Summary: How Jesus responded to those who were unclean teaches us a couple of lessons.


If I were to ask those of you who are mothers, do you like for your children to come up and give you a big hug, I suspect you would say, “Of course!” But, let me ask you, are you always anxious and willing to have your beloved child run up to you and put their arms around you?

Most of you know that our son Josh is working at Makoto’s. Sometimes he clears the tables, sometimes he washes the dishes, sometimes he helps prepare the food. But, no matter what he does, he always seem to come home smelling like shrimp and covered in grease. It’s not uncommon for him to come in the door, walk toward Sueanne with his arms open and say, “I love you, Mom. Give me a hug!”

And invariably, she will say, “Get away from me! Don’t touch me! Go get cleaned up and then you can hug me.” She doesn’t like to touch that which is unclean.

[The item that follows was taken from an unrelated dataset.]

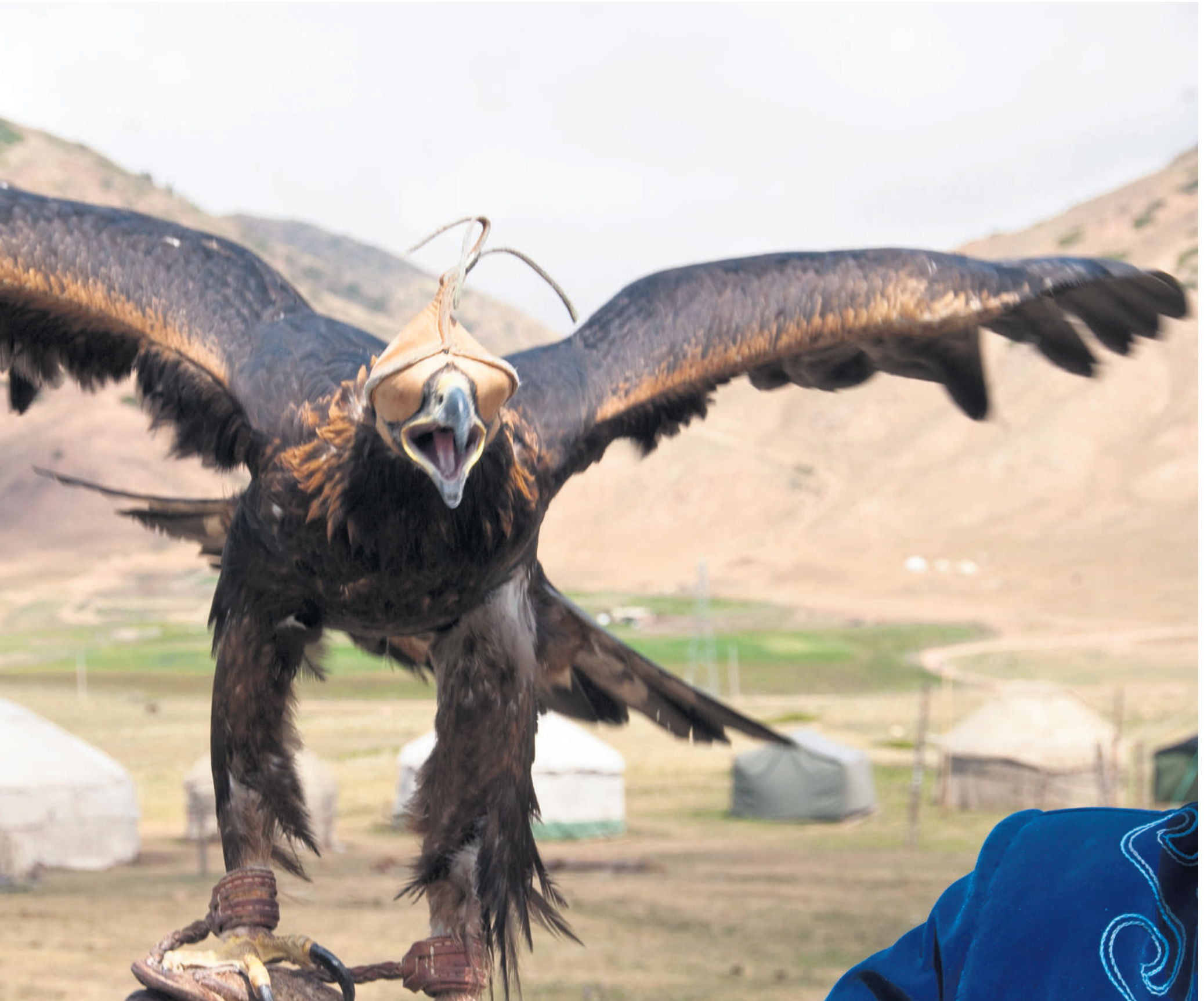
Ørnejæger med sin ørn i bjergene nær Bokonbaevo i Kirgisistan.

Now that’s not always the case. Mothers don’t always shy away from dirty children. Imagine this: You hear the distressed cry of your child and look up: Your 2-year-old son has tripped out in the yard, he’s skinned his knees and he’s covered in mud. And now he comes running toward you, tears streaming through the dirt. He’s got mud on his clothes, his face, his hands, he’s got blood dripping down his leg.

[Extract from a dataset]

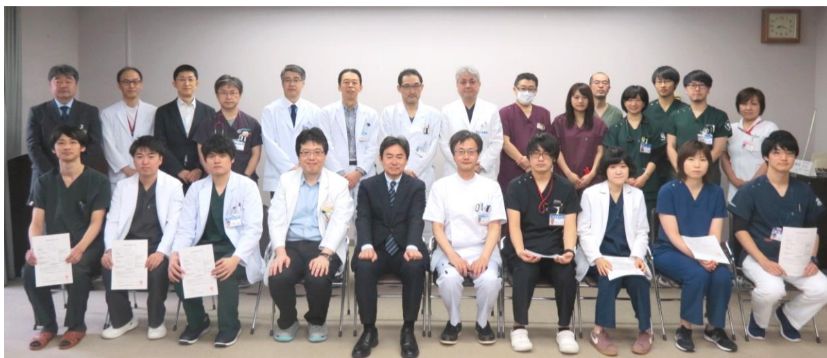
【平成30年度臨床研修修了証授与式で修了者を囲んで】
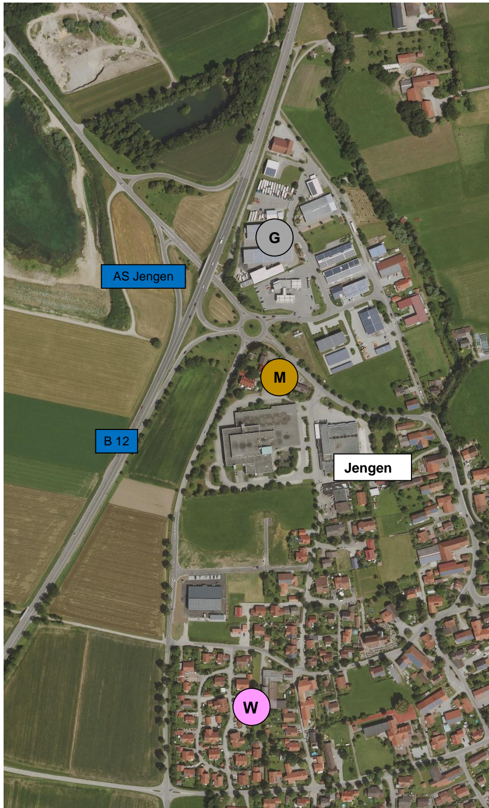
Abbildung 2: Wohn-, Misch-, Gewerbegebiete sowie Außenbereiche von Jengen mit B 12 (Bestand)

What do you mothers do? Do you say, "Don’t come near me!" Do you say, "You made your mess -- now go clean it up!" Now to an older, responsible child, you might say that. But not to a young child, one who can’t clean himself. No, you take him in your arms, not concerned a bit that you’re getting your own clothes dirty. You comfort him, then gently clean off all the dirt and the blood. You love him, you clean him, and you comfort him.

That child comes to you, in effect saying through his tears: "I’m a mess. I can’t clean myself. If you’re willing, you can make me clean." And you’re always willing.

Today we want to see how Jesus responded in exactly this way to a leper -- for a Jew, the ultimate in uncleanness. And this incident will leave us with a couple of lessons -- one that has to do with how we ought to treat those around us that are in less than desirable circumstances. The other lesson has to do with the realization that Jesus is willing to cleanse us, just as he did the leper, when we humbly come to him.

The story begins in Mark 1:40. It simply says, “Now a leper came to him…”

Here was a man who had leprosy. Now in the Bible, in both the Old and New Testaments, the word “leprosy” is a broad term which includes a wide range of skin diseases. The very worst of those diseases was what we know as leprosy today, a condition which is also called “Hanson’s Disease”. We don’t know how severe the problem of this particular leper was, but let’s assume he had modern leprosy.

It’s a horrible disease. It begins with little specks on the eyelids and on the palms of the hands. Then it spreads over the body. It bleaches the hair white. It covers the skin with scales and oozing sores.

But that’s just what happens on the surface. Down under the skin, leprosy eats its way through the nerves. And soon the victim loses all sense of touch and pain, initially in the fingers and toes, then spreading up the arms and legs. So, a leper can’t feel anything. That may not sound so bad. The last time you stubbed your toe when you trip over a chair on your way back to bed, you probably wished that you didn’t feel anything. Or the last time you hit your thumb with a hammer or burned yourself on a hot pot. But what sounds like it might be nice is absolutely horrible. Because without the sense of touch, a person with leprosy eventually damages his toes, fingers, and feet. He will bump into objects, cut himself, get infections -- and not even notice.

Dr Paul Brand is a missionary who has conducted a great deal of research on the disease. He explains that in a leper colony in India, many of the lepers were missing fingers and toes. A lot of them seemed to lose them at night, for no apparent reason, they just disappeared. When someone finally stayed up all night to watch and see what happened, they found that rats were chewing off their fingers and toes at night -- but the victims didn’t wake up, because they didn’t feel anything.

So as leprosy advances, a leper doesn’t even look human. No fingers. No toes. Many of them blind. Ulcerated growth all over their face. Nobody wants to get near them, nobody wants to touch them. A leper becomes utterly repulsive -- both to himself and to others.